13. Some Triathlon Terms:
• PR: “Personal Record” (Your fastest race time.)
• WR: “World Record” (I’m glad they invented the term PR for the rest of us!)
• PW: “Personal Worst” (Your slowest race time.)
• Bonk: to run out of energy while exercising; to have an over whelming desire to stop moving and lay on the couch. Symptoms include feeling exhausted, dizziness, confusion, sleepiness, an over-whelming desire to sit under a tree and take a nap, grumpiness and sometimes, even tears. This is what happens when your body runs out of accessible blood sugar called glycogen that it needs to powers your muscles and to think clearly. You can avoid this awful state by making sure you have a source of easily digestible energy and water handy when working out such as bananas, energy gels and water or an energy drink. A good pre-race practice that helps me is to consume a banana or energy gel with a 16-oz. bottle of water about 30 minutes before race start.
• Carbo Load: This is a pre-race rite of commensality (ritual meal sharing) that features a large meal of mostly carbohydrate-rich foods such as pasta, potatos or rice. It is generally shared with family members, loved ones or with other triathletes. It’s stated purpose is to increase your body’s glycogen stores so you don’t bonk in the following day’s race. It also reinforces the social solidarity and specialness of the triathlete as he or she prepares to athletically test his or herself at publicly during the race the following day.

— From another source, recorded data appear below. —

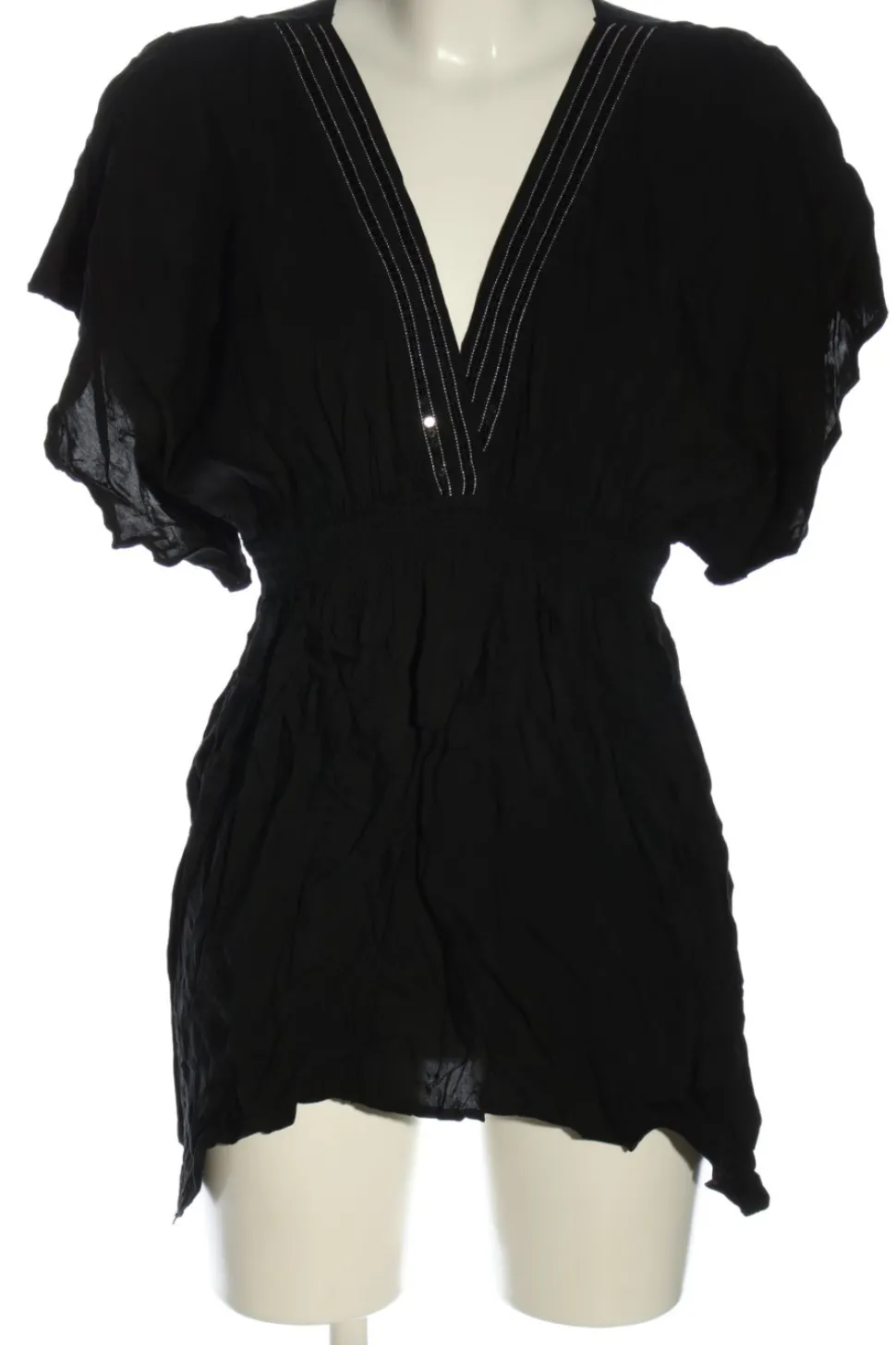 - V-Ausschnitt, Wickelausschnitt, Bund am Ärmelsaum, Casual-Look, Elegant, Glanz-Optik, schlichter Stil, Transparenz-Optik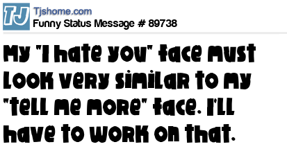 X says My "I hate you" face must look very similar to my "tell me more" face. I'll have to work on that.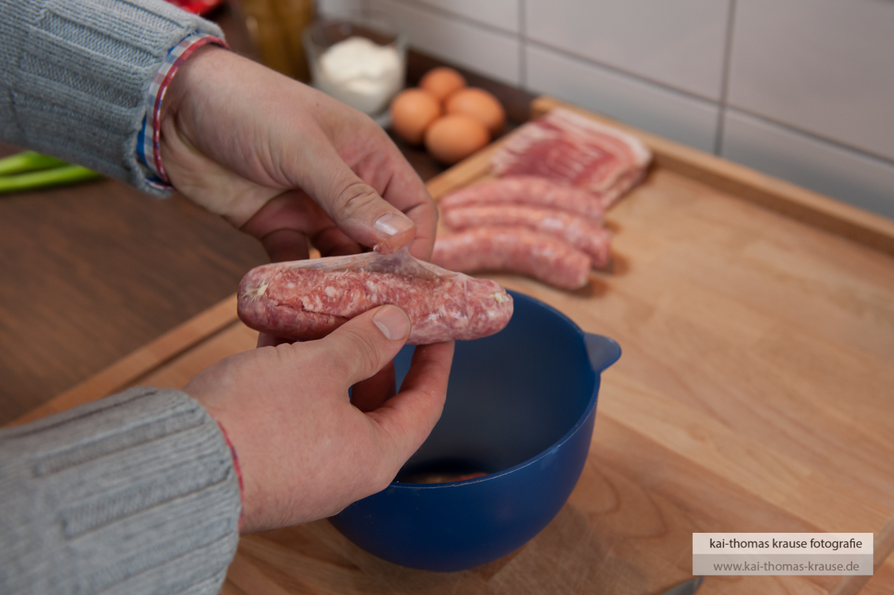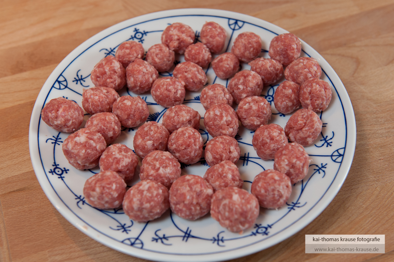 Die Bratwürste aufschneiden und das Brät in eine Schale geben. Gut vermengen und Kugeln der Größe von Murmeln formen. Mit einem guten Schuss Olivenöl in der Pfanne anbraten, bis sie goldbraun sind.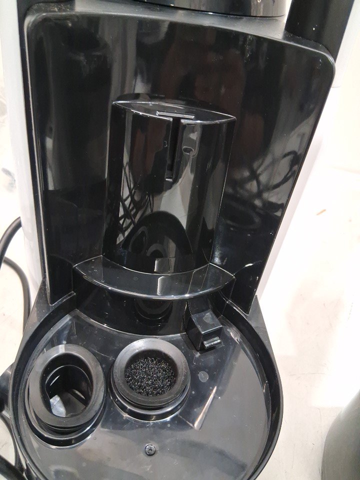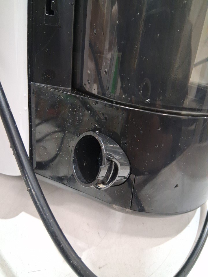 Water came out of the spot cleaner during inspection, indicating prior use.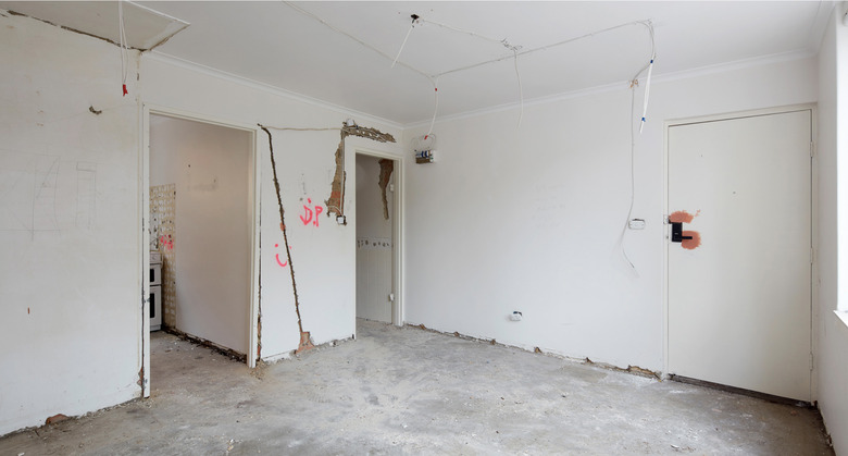 Yee installed a mix of closed cabinets and open shelving in the living room, which is separated from the bedroom by a pocket door.
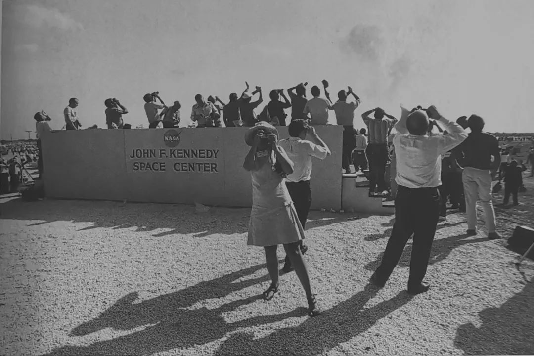 【学习笔记】美国摄影师加里•维诺格兰德的这幅充满智慧的影像记录了1969年一群正在观看阿波罗11号发射的观众。维诺格兰德取景角度通常是去框取场景的水平元素,使用垂直边缘做参考,就不会造成倾斜,在利用场景中的线条组建画面时,不要直直地横穿或上下构图,可注意对角线构图。(1969年)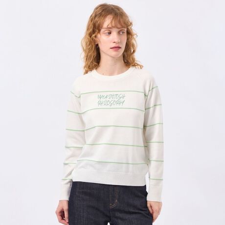 手書き風のブランドロゴをチェーンステッチ刺しゅうで表現したニットプルオーバーです。カジュアルなアイテムながら、ほどよい肉感とハリのある編素材で、クリーンな印象に仕上げました。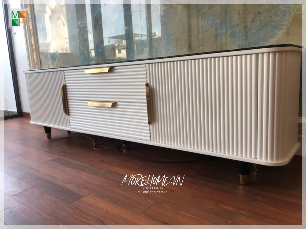 Cận cảnh từng đường nét kệ tivi tân cổ điển, toàn bộ thân và mặt cánh được soi bán nguyệt kết hợp với nước sơn trắng tạo nên một tổng thể mềm mại, nhẹ nhàng nhưng không kém phần tinh tế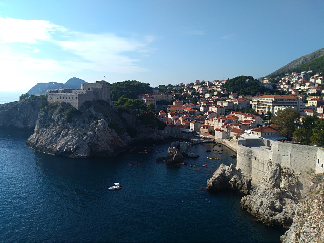 Daca vrei sa te bucuri de o priveliste care sa iti taie rasuflarea, poti face o plimbare pe zidurile citadelei sau poti urca cu telecabina pe dealul Srdj. Din pacate, eu nu am avut timpul necesar pentru a urca pe deal; am putut doar sa-mi las imaginatia sa zburde, pentru a-mi inchipui cum se vede peisajul de la inaltimea de 413 metri. In schimb, nu am ratat plimbarea de pe ziduri. Am reusit sa surprind in cateva fotografii faimoasele acoperisuri rosii, vasele de croaziera din port, pe scurt tot ce are mai frumos de oferit si de capturat Dubrovnikul.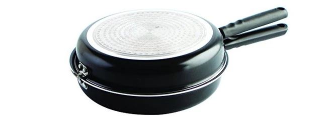 Por menos de 20 euros puedes acabar con tus penas al girar la tortilla gracias a esta doble sartén fabricada en aluminio con revestimiento antiahderente. Vienen con un cierre de seguridad que debemos usar al hacer el giro pero que puede quitarse. El hecho de que sea doble no impide que soltemos las sartenes y las usemos individualmente, aunque piénsalo bien: si no usamos esta sartén para cocinar otras cosas la capa antiahderente durará mucho más y eso es clave para poder hacer buenas tortillas, pues en cuanto estas empiezan a agarrarse, comienza el desastre.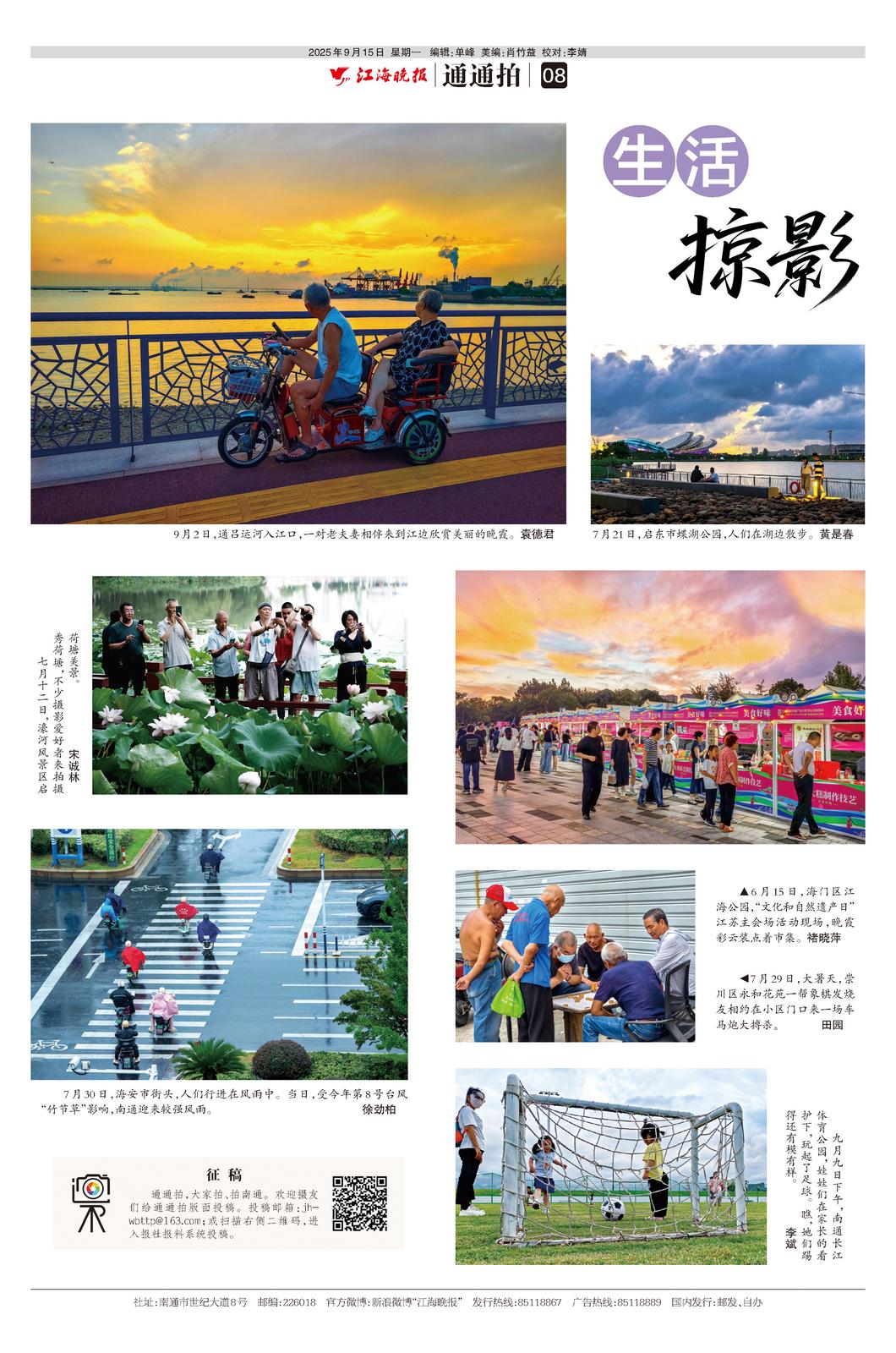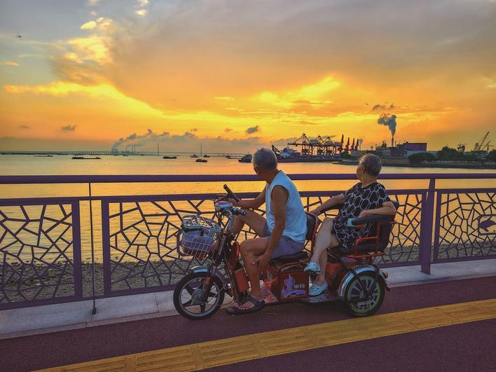 9月2日,通吕运河入江口,一对老夫妻相伴来到江边欣赏美丽的晚霞。 袁德君
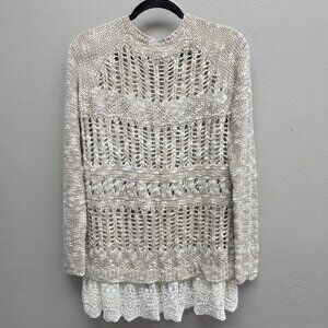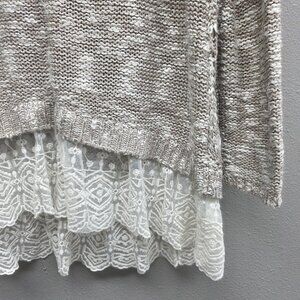 Vanity Sweater Womens Large Beige Cream Open Knit Lace Hem Layered Pullover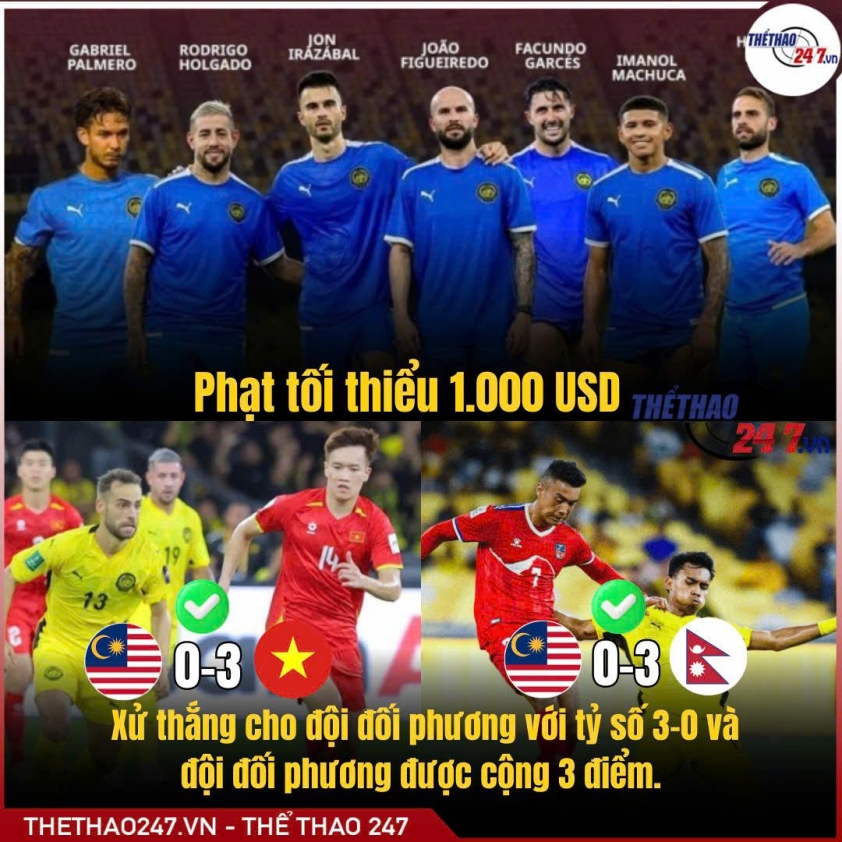 The newspaper Superball reported: "Vietnam rises, Malaysia falls sharply on FIFA rankings after AFC penalty". According to Indonesian media, Malaysia was ruled to lose 0-3 in two matches against Nepal and Vietnam in the 2027 Asian Cup qualifiers, and their previous victories were also annulled. The cause stems from this team using up to seven naturalized players who did not meet eligibility requirements.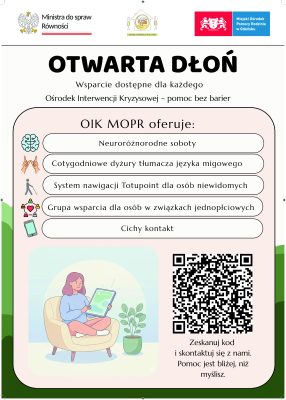 OIK MOPR w Gdańsku stara się sprostać potrzebom mieszkanek i mieszkańców. Celem jest zniesienie barier i zwiększenie dostępności usług kryzysowych dla różnych grup szczególnego ryzyka. W ramach projektu MOPR pt. „Otwarta Dłoń – OIK dostępny dla każdego”, współfinansowanego z Programu osłonowego 2025 „Wspieranie jednostek samorządu terytorialnego w przeciwdziałaniu przemocy domowej jako przemocy ze względu na płeć” (zadanie współfinansowane z dotacji otrzymanej od Ministry ds. Równości), w placówce wdrożono też: cotygodniowe dyżury tłumacza Polskiego Języka Migowego dla osób z dysfunkcją narządu słuchu; system nawigacyjno-informacyjny Totupoint, pomagający w przestrzennym poruszaniu się osobom z dysfunkcją narządu wzroku; uruchomiono grupę wsparcia dla kobiet w związkach jednopłciowych i dostosowano infrastrukturę dla osób z niepełnosprawnością ruchową. Osoby neuroróżnorodne, w każdą sobotę mają możliwość uczestnictwa w konsultacjach ze specjalistami: bez pośpiechu, w przyjaznej, bezpiecznej, przewidywalnej przestrzeni oraz z poszanowaniem indywidualnych potrzeb. W placówce m.in. przygotowano przyjazną sensorycznie przestrzeń, z piktogramową ścieżką wizyty. Tego dnia nie ma tam zbędnych dźwięków, muzyki czy jaskrawego światła.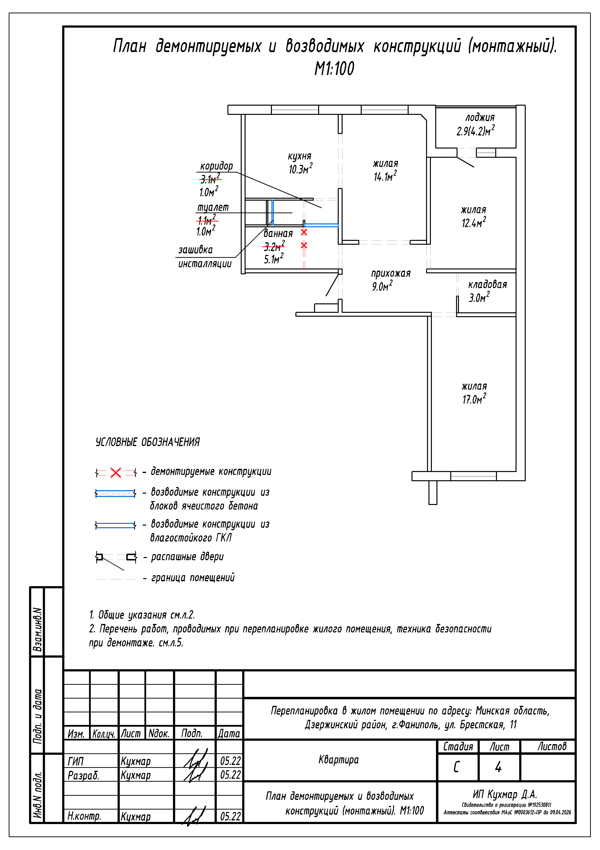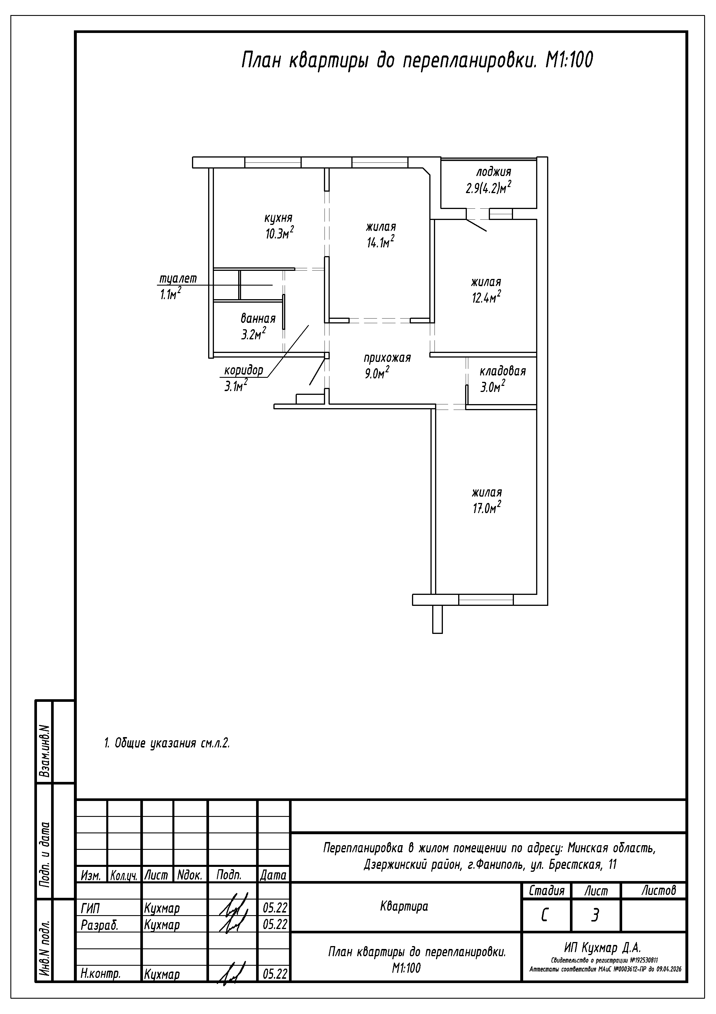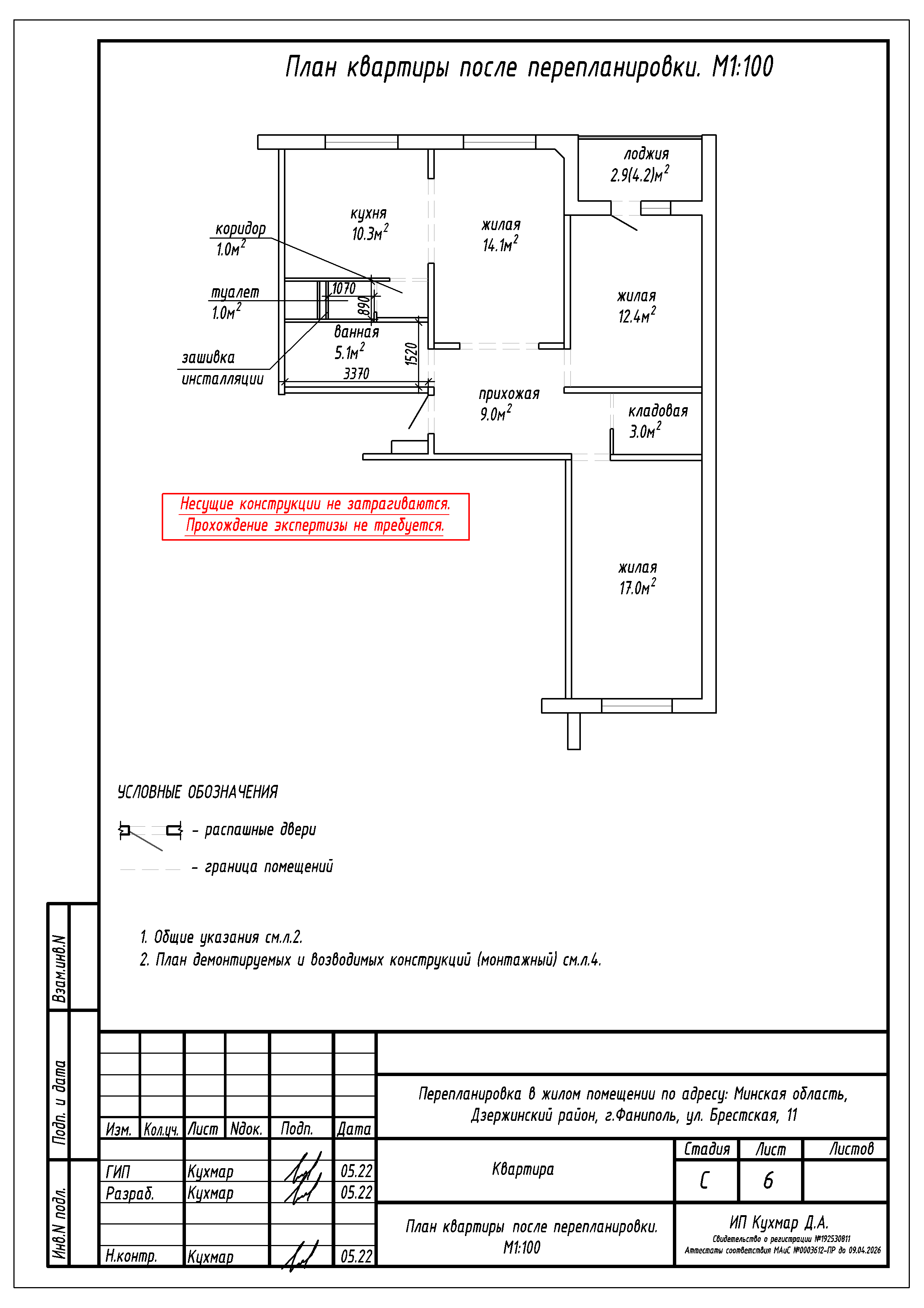 Перепланировка квартиры по ул. Брестская, 11 в г. Фаниполь

• Trigeek: a triathlete or wannabe triathlete who takes their athletic training and race performances bit too seriously for his friends and believes that upgrading to newer and more expensive triathlon gear and racing is more important than anything else.
14: Triathlon Race Distances (USA):
- Sprint: 0.5k-swim/15k-bike/5k-run
- Olympic: 1.5k-swim/40k-bike/10k-run
- Long Course Santa Barbara Triathlon: 1mi-swim, 34mi-bike, 10mi-run
- 70.3 or Half Ironman: 1.2mi-swim,/56mi-bike/13.1mi-run
- 140.6 or Full Ironman: 2.4mi-swim/112-bike/26.2mi-run
- Double Ironman (a multi-day stage race of double the Ironman triathlon distances): 5.4-m swim, 224-m bike, 52.4-m run
15: Upcoming Local Triathlons and Multiport Races
The best way to find local races online is Active.com which has an online database of just about every “all comers” triathlon, road race and other sports competitions in the United States. Printed race entries and flyers can be found on the “race table” at Inside Track Multisports in Ventura, CA.